Brasil busca informações precisas sobre ataques dos EUA à Venezuela
O Ministro das Relações Exteriores, Mauro Vieira, manteve um contato telefônico com o chanceler da Venezuela, Yvan Gil, em meio ao agravamento da crise regional após ataques atribuídos aos Estados Unidos ao país vizinho. A conversa teve como foco a troca de informações sobre a situação no território venezuelano e seus desdobramentos. O Itamaraty acompanha os acontecimentos com cautela e mantém canais diplomáticos abertos com Caracas.
A iniciativa do governo brasileiro ocorre enquanto se avaliam os impactos do conflito, especialmente na extensa fronteira comum entre Brasil e Venezuela, e se busca reunir dados mais precisos antes de qualquer posicionamento público mais amplo. Na manhã deste sábado, o governo brasileiro convocou uma reunião de emergência para discutir o ataque e a suposta captura do presidente venezuelano, Nicolás Maduro, anunciada pelo presidente americano, Donald Trump.

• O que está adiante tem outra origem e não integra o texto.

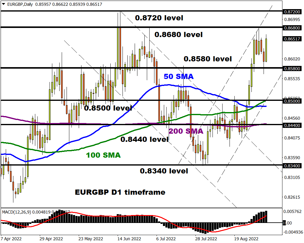 A classic breakout opportunity could be forming on the EURGBP as prices slowly approach the 0.8680 resistance level. A solid breakout and daily close above this point may encourage a move towards 0.8720 and 0.8800, respectively. Technical indicators such as the 50, 100, and 200-day SMA and MACD favour further upside. If the EURGBP dips back toward 0.8580, then the next key level of interest can be found at 0.8500.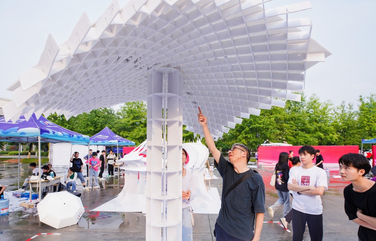 4月23日,我校受邀参加南宁理工学院以“南理.驻.恋”为主题的校庆建造节活动。在设计学院环境设计专业卢春辰老师带领下,作品《结》荣获二等奖。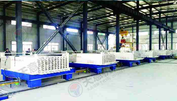 TY12型墻板生產(chǎn)線包括:墻板成型機(jī)、整體穿抽管系統(tǒng)、發(fā)泡系統(tǒng)、水箱、電子計(jì)量儲(chǔ)料倉、螺旋上料輸送機(jī)、儲(chǔ)料罐、螺旋輸送機(jī)、EPS熟化料倉、硫化干燥床、EPS預(yù)發(fā)機(jī)、數(shù)控配電室、發(fā)泡攪拌機(jī)、整體出板系統(tǒng)、叉車、成品堆放區(qū)、擺渡車。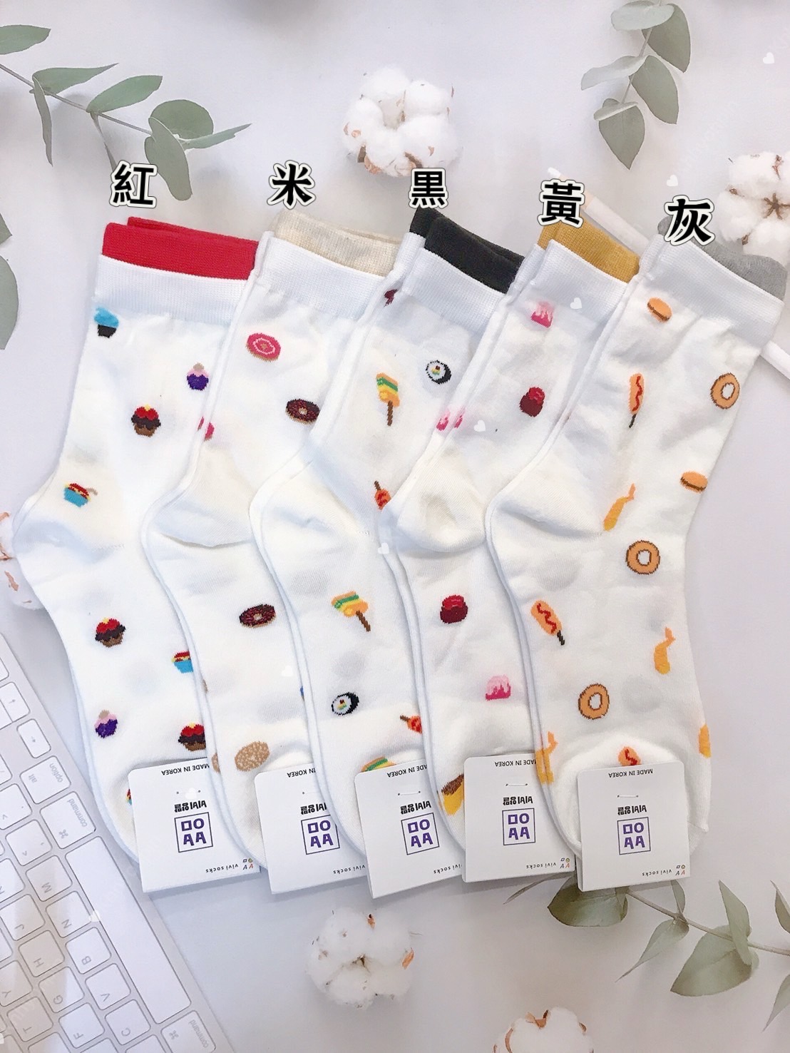 韓國製造~雙色襪頭笑臉 二分之一襪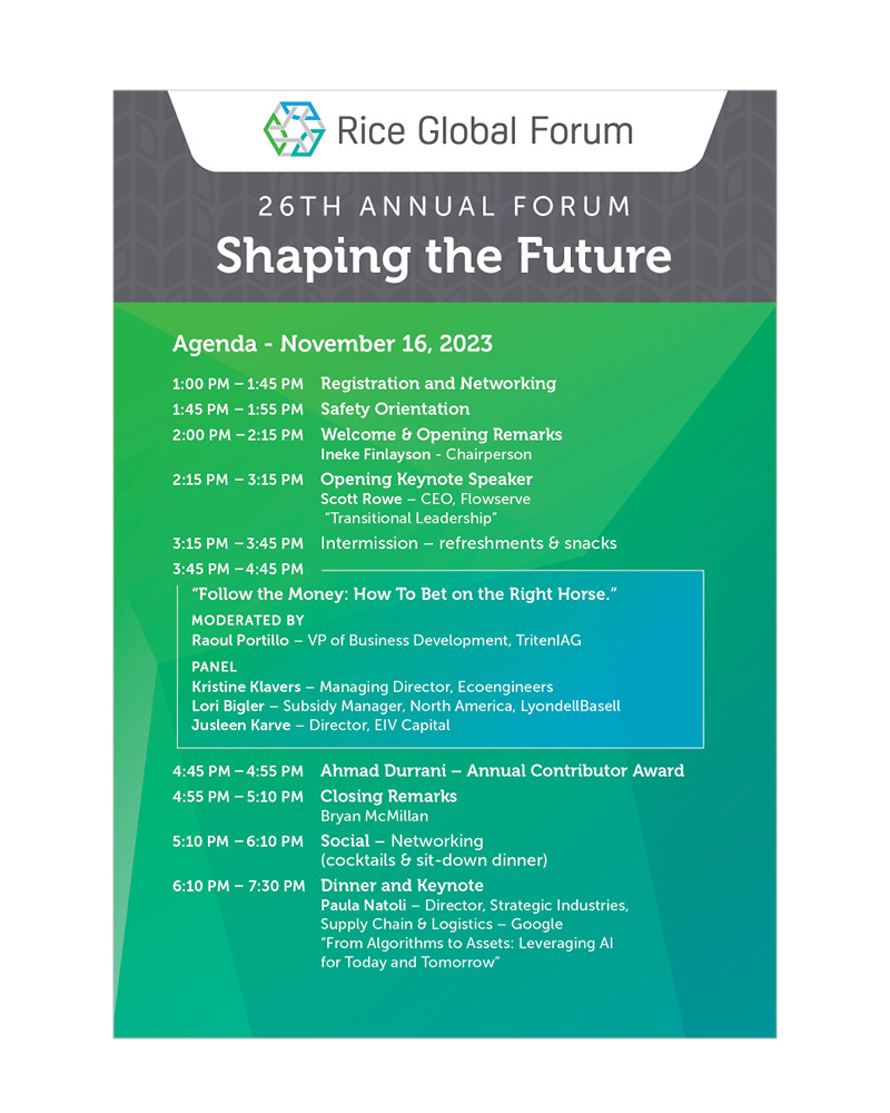 We also conducted a social media audit with recommendations to apply their new branding as well as streamline and strengthen their social identity. In our continued relationship with Rice Global Forum we supported their yearly marketing efforts and events with social media maintenance, digital graphics, print collateral, promotional items, conference displays and more.

Ataque e Captura de Maduro: Versão Americana e Reações Internacionais
O episódio ocorreu durante a madrugada, com relatos de explosões em Caracas e em outros estados venezuelanos. Pouco depois, Donald Trump afirmou em rede social que os Estados Unidos realizaram uma ofensiva militar de grande escala e que Maduro e sua esposa teriam sido capturados e retirados do país por via aérea. Washington, no entanto, não informou para onde o presidente venezuelano foi levado nem a base legal da operação. Vídeos que circulam nas redes sociais mostram helicópteros militares sobrevoando a capital e colunas de fumaça, além de relatos de interrupções no fornecimento de energia e explosões próximas a instalações militares, informações ainda não confirmadas de forma independente.
Líderes latino-americanos reagiram de formas distintas. Gustavo Petro, da Colômbia, e Miguel Díaz-Canel, de Cuba, condenaram a ação dos Estados Unidos, enquanto Javier Milei, da Argentina, celebrou a operação. Petro expressou profunda preocupação com os relatos de ataques e atividades aéreas incomuns, assim como o consequente aumento de tensão na região.

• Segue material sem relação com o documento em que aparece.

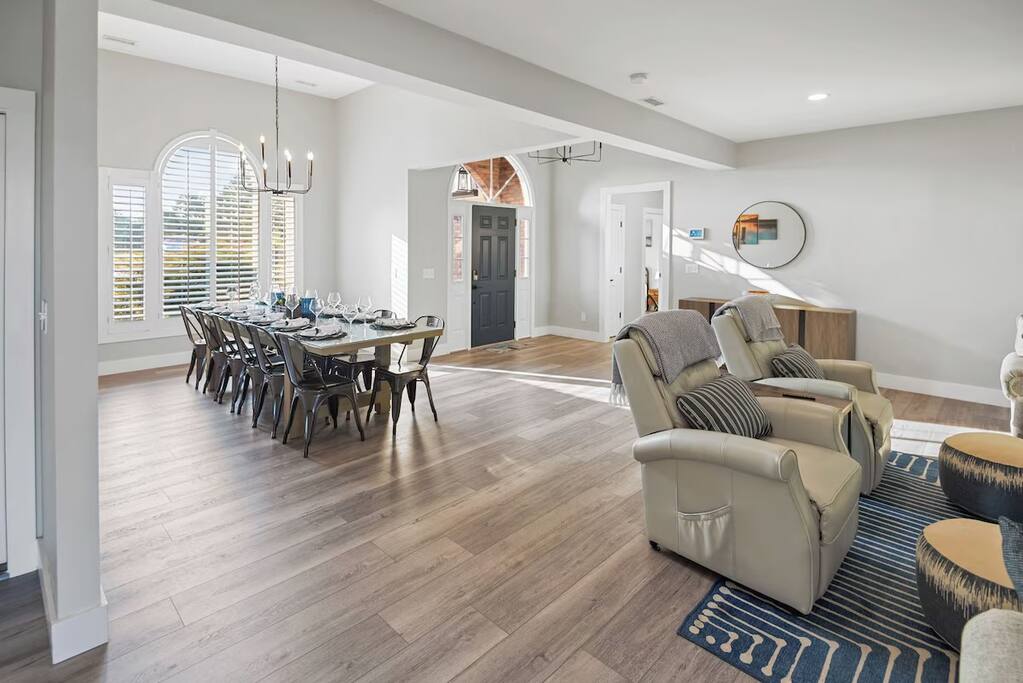 This beautifully renovated 6-bedroom, 5-bathroom waterfront home offers over 5,000 sq ft of stylish comfort and room to spread out. With beds to sleep up to 20 guests and outdoor furniture to accommodate all, it’s ideal for large groups or memorable family gatherings. The open-concept layout showcases sweeping views of the water and surrounding mountains, while every inch of the home has been thoughtfully updated for a modern, luxurious experience.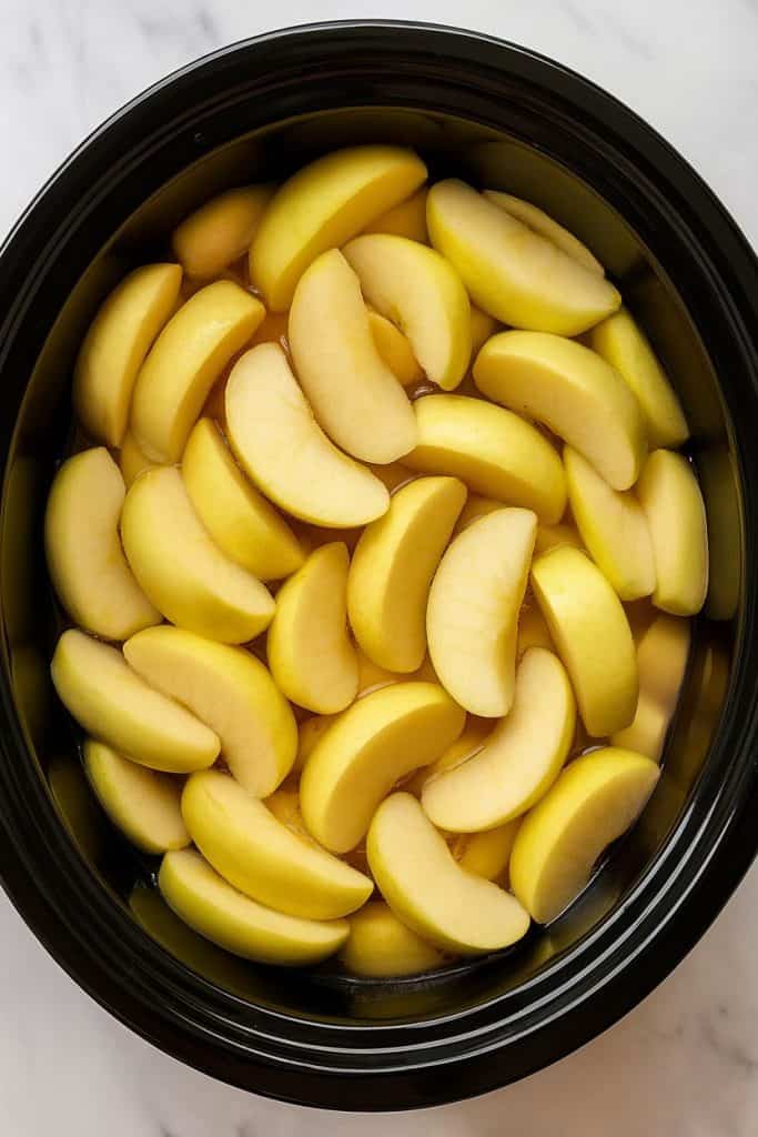 Place 5 lbs of peeled, cored, and sliced apples into the slow cooker with 3/4 cup of unsweetened apple juice.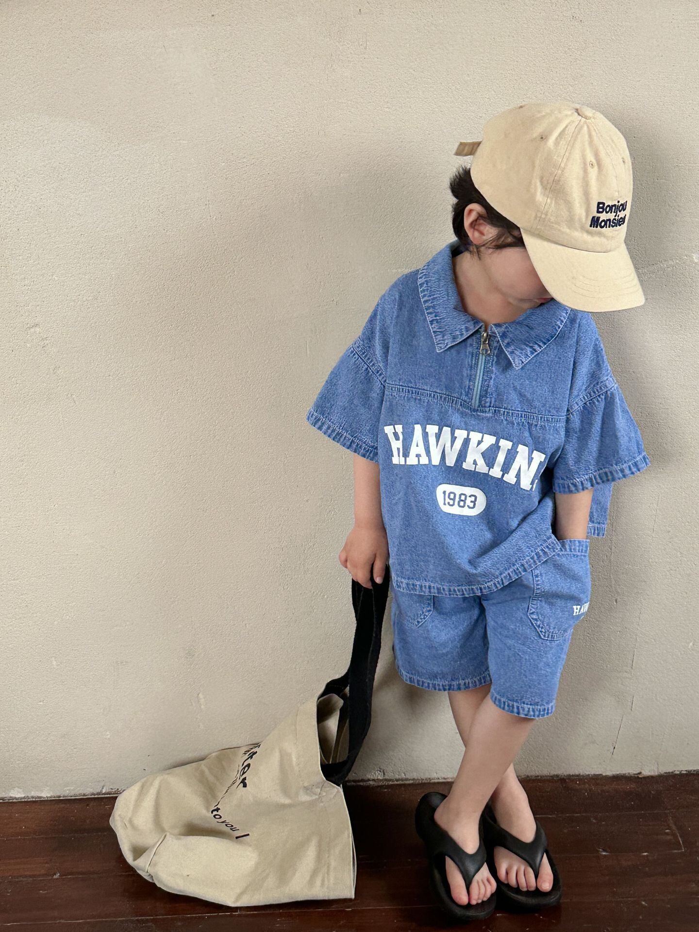 《取寄》 プリントデニムセットアップ QQMM 韓国子供服 男の子 セットアップ 上下セット デニム ロゴ ハーフパンツ polo (80~150cm)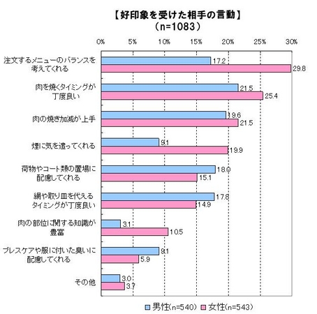 ランスを考えてくれる」29.8%、2位「肉を焼くタイミングが丁度良い」25.4%、3位「肉の焼き加減が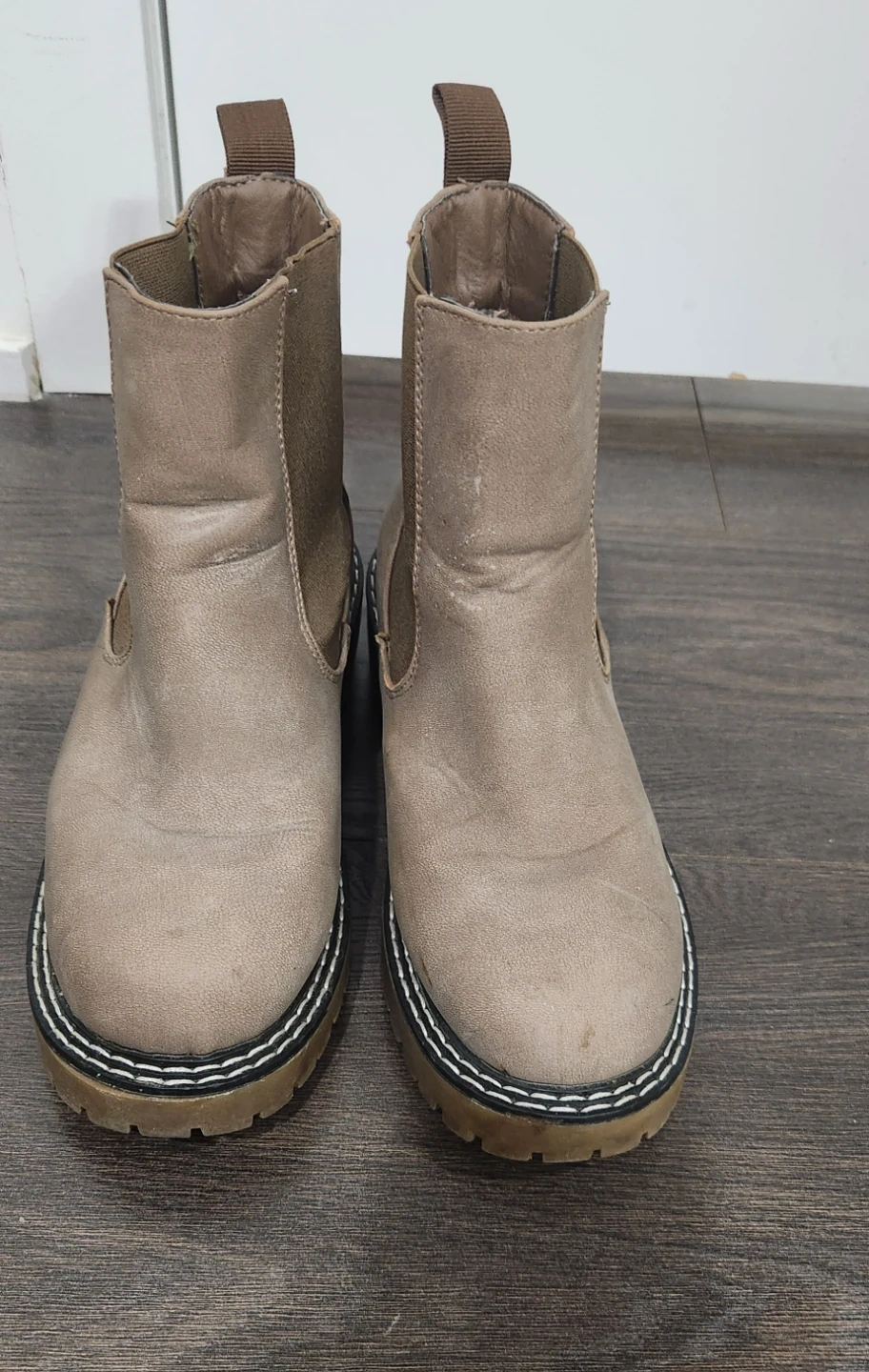 Selling a pair of Chelsea boots in size 6. They have a neutral, earthy tone and are in good condition. Perfect for everyday wear!

Preocupações Brasileiras com a Fronteira
Uma das principais preocupações do governo brasileiro diante dos ataques dos Estados Unidos à Venezuela é a extensa fronteira terrestre compartilhada pelos dois países, com mais de 2 mil quilômetros. Avaliações indicam que a instabilidade no território venezuelano pode gerar impactos diretos sobre a região Norte do Brasil.
A apreensão não se limita a um eventual aumento do fluxo de imigrantes venezuelanos em direção ao Brasil, movimento que já ocorre há anos. Autoridades brasileiras também veem risco de que a intensificação do conflito facilite a entrada, pela fronteira, de pessoas ligadas a organizações criminosas, especialmente ao narcotráfico.
Diplomacia Brasileira em Movimento
Além das informações obtidas pela Embaixada do Brasil em Caracas e de contatos com autoridades venezuelanas, há a expectativa de que Mauro Vieira converse também com chanceleres de outros países da região, como a chanceler da Colômbia, Rosa Villavicencio. Até o momento, não há definição sobre o teor nem sobre o horário de uma eventual nota oficial do Brasil, que dependerá da consolidação das informações recebidas e da avaliação conjunta após a reunião de emergência.